The next piece is also by an Asian-American author, Gene Yuen Lang. It’s a comic describing his frustration with the casting of the Last Airbender movie. The film was based on a cartoon that celebrated Asian-ness in a fictional Asian-inspired world (he says it showed “a deep respect for and knowledge of Asian cultures”), but all the major characters in the movie were filled by white actors. Lang publishes a call to boycott the movie, especially during release week, and ends up getting another great comics job out of it, all because he braved public scrutiny to stand up for something he believed in.

“Talent Show”

This one is by Cherry Cheva and is about a couple kids auditioning for a high school talent show. She’s stereotypically Asian—petite, cute, relatively quiet at first—but she’s there to do stand-up comedy. And it’s the white guy in the room holding the violin. They have an only-awkward-at-first conversation joking about stereotypes, and by the end they’re friends, even if their auditions don’t go as planned.

“Voilà!”

Debbie Rigaud's story is more sweet than funny, but I still liked it. It’s about a high school girl taking her beloved Haitian great aunt to the doctor. Some classmates doing volunteer work bring a couple of patients in and at first the girl is embarrassed, but eventually her obnoxious but well-meaning classmate suggests she could volunteer as a translator for some of the patients, and she sees clearly that her differentness doesn’t have to only be a burden.

“Confessions of a Black Geek”

This one by Olugbemisola Rhuday-Perkovich is about a group of confident, high-achieving (academically) Black high schoolers in the 80s. They assumed they were regarded as equals of their similarly high-achieving white peers. But a cartoon showing Black kids speaking “Ebonics” published in the school paper caused an uproar and it turned into a mess where they ended up getting called “reverse racists.” And this sort of opened the floodgates for all the microaggressions (and more overt stuff) they’d happily ignored for years.

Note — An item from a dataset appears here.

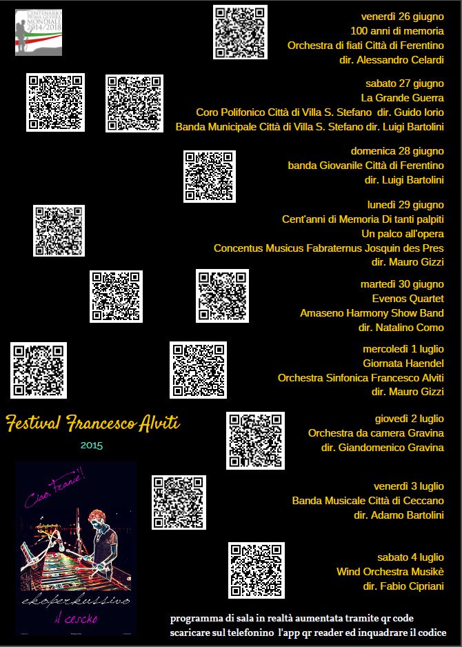 Un festival in realtà aumentata: molto semplice, è sufficiente portare il proprio smartphone per seguire i concerti con tutte le informazioni necessarie. Basta avere sul telefono un applicazione per la lettura dei qr code e puntare il quadratino bianco e nero presente sul programma in corrispondenza del concerto del giorno: si apriranno automaticamente le pagine con centinaia di video, informazioni sul programma, immagini. Un semplice foglio di carta, un sito web e un telefonino che da oggi diventa alleato non nemico dei concerti e della musica. Provare per credere. Da stasera, 26 giugno, al 4 luglio, a Ceccano in Piazza S. Giovanni, ore 21,30

And then comes the main character’s meeting with the guidance counselor, who tells her her intended schools are a “reach,” despite her academic and extracurricular record (which would have been more than sufficient for white students for this particular counselor). And then when she did get accepted to all these reach schools, everyone attributed it to affirmative action. She knew she’d earned it, but it was still heartbreaking to find out what so many people really think when they don't get what they want.

“Under Berlin” and "Lexicon"

The next piece is “Under Berlin” by G. Neri, and I’m going to admit that I didn’t read it because it was a long poem, and I simply cannot do poetry. For the same reason, I also skipped the last piece, “Lexicon” by Naomi Shihab Nye. I feel kind of bad about this, but trying to read poetry literally makes me feel anxious and/or agitated. I have no idea why.

“Brotherly Love”

The last story is by Francisco X. Stork and it’s about a boy growing up with a very traditional father from Mexico (I assumed? Definitely Spanish-speaking) and an older brother and sister. Their father was always going on about how “real men” behave and the main character engineers an opportunity to speak to his sister when no one else is around, because he’s worried that his brother is doing all these things that make him seem like he isn’t a real man. It’s a funny and ultimately sweet conversation when the character comes to realize what his sister has known all along—that it’s the main character who isn’t the “real man” and his brother has just been looking out for him.

Conclusion

So this was quite a long review for a book that is only 129 pages, but I wanted to talk about each story. Together, they add up to a nice exploration of living in two different worlds, culturally, linguistically, or however. The characters range in ages (eighth grade to graduating seniors), but this feels more lower-YA to me, as it stays fairly light in tone, even when dealing with troubling things.